Understanding Criminal Nonsupport Under Texas Penal Code § 25.05
The Offense Defined
Under Texas Penal Code § 25.05, an individual commits criminal nonsupport if they “intentionally or knowingly” fail to provide support for:
- Their child younger than 18 years of age; OR
- Their child of any age who is the subject of a court order requiring support .
This is not a civil contempt proceeding. This is a criminal prosecution initiated by complaint, investigated by law enforcement, and prosecuted by the District Attorney’s office. A conviction results in a criminal record, not merely a civil judgment.
Classification and Penalties
Criminal nonsupport is a state jail felony. The penalties include:
- Confinement in a state jail facility for 180 days to 2 years
- A fine not to exceed $10,000
- Both incarceration and fines
These penalties exist independently of—and in addition to—any civil enforcement remedies. A parent can simultaneously owe back child support, be held in civil contempt, and face criminal prosecution for the same conduct.
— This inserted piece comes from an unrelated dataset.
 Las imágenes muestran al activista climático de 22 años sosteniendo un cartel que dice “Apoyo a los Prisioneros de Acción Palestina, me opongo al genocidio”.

The Critical Shift: Ability to Pay Is No Longer an Element
Historically, the State bore the burden of proving a defendant had the ability to pay. That is no longer the law. Under current Texas Penal Code § 25.05, the State is not required to prove that the obligor possessed the financial capacity to make support payments.
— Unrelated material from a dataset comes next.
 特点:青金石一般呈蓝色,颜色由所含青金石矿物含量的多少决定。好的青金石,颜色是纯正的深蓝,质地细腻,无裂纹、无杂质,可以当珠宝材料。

Instead, inability to pay is an affirmative defense. This means the burden shifts to the defendant to prove, by a preponderance of the evidence, that they could not provide support . This distinction is absolutely critical. Parents who simply “couldn’t pay” but lack documentation, corroborating evidence, or timely filed modifications face conviction without the State ever having to prove they actually had money.
As the Fort Worth Court of Appeals held in Howard v. State, “While the State does not bear the burden of proving the defendant’s ability to pay, ‘it is an affirmative defense under [section 25.05] that the actor could not provide support for the actor’s child.’ The defendant has the burden of proving an affirmative defense by a preponderance of the evidence”.
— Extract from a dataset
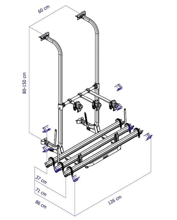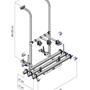 Für die vertikale Rückwand von Reisemobilen /Wohnwagen, passend für Carado, Sunlight, Dethleffs. Verstellbare Schienen von links nach rechts. Die Felgenhaltebänder blockieren die Fahrräder während dem Transport und die verschiebbare Fahrradrahmenhalter halten die Räder in Position. Die Plattform wird manuell verriegelt und kann leicht in der Aufwärtsbewegung eingerastet werden, wenn sie nicht in Gebrauch ist.

What Constitutes “Support”?
The Penal Code does not define “support,” leaving it to the factfinder at trial. Texas courts have defined support broadly as “a means of livelihood, sustenance, or existence” and “that which furnishes a livelihood; a source or means of living; subsistence, sustenance, maintenance, or living”. This evidentiary question means juries determine, based on the defendant’s circumstances, whether the payments made—or not made—constituted sufficient support.
The Dual-Track Enforcement System: Civil and Criminal
San Antonio parents facing unpaid child support must understand that civil and criminal enforcement are separate, parallel proceedings. They may occur simultaneously, involve different burdens of proof, and result in distinct penalties.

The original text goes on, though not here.